February 15, 2016 (Vol. 36, No. 4)
Making Big Data Work in the Life Sciences Isn’t So Much a Matter of “Upping One’s Game” As It Is a Matter of Raising One’s Expectations
Now more than ever, researchers in the life sciences are generating, accumulating, and storing data. In fact, data troves are reaching exabyte levels, prompting a number of questions. What do we do with all this data? How should we analyze it? How the heck do we make sense of it?

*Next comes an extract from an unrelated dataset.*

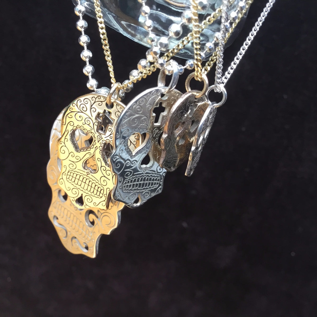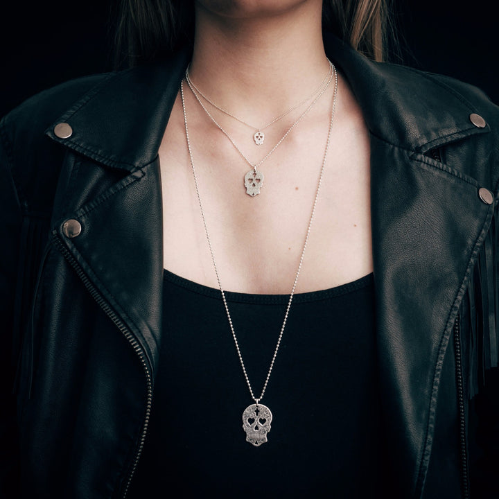 Medium Silver Sugar Skull With Heart Eyes Pendant Necklace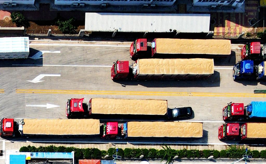 6月15日,在山東省臨沂市平邑縣一處糧食儲備庫夏糧收購現場,運輸車輛排隊售糧(無人機照片)。新華社發(武紀全 攝)

Answering such questions is important not only for furthering research efforts, but also for developing diagnostic and therapeutic products—and for expeditiously moving these products along the precision medicine pathway. Accordingly, GEN presented its biggest big data questions to a panel of experts. In response, the experts provided a set of compelling strategies for handing and analyzing big data more efficiently and effectively.
GEN: It is widely acknowledged that pharmaceutical and life sciences researchers both in academia and industry are being inundated and often overwhelmed with the amounts of data they generate themselves and with informational input from other sources. What do you see as the main obstacles to scientists implementing concrete strategies and plans to successfully handle big data and its analysis?
Dr. Asimenos: Data hoarding is one of the biggest obstacles in realizing the true potential of big data. While stockpiling the results of next-generation sequencing (NGS) may make sense from a business perspective, this practice does a great disservice to the research community at large, where scientific breakthroughs are built upon the research of others via collaboration.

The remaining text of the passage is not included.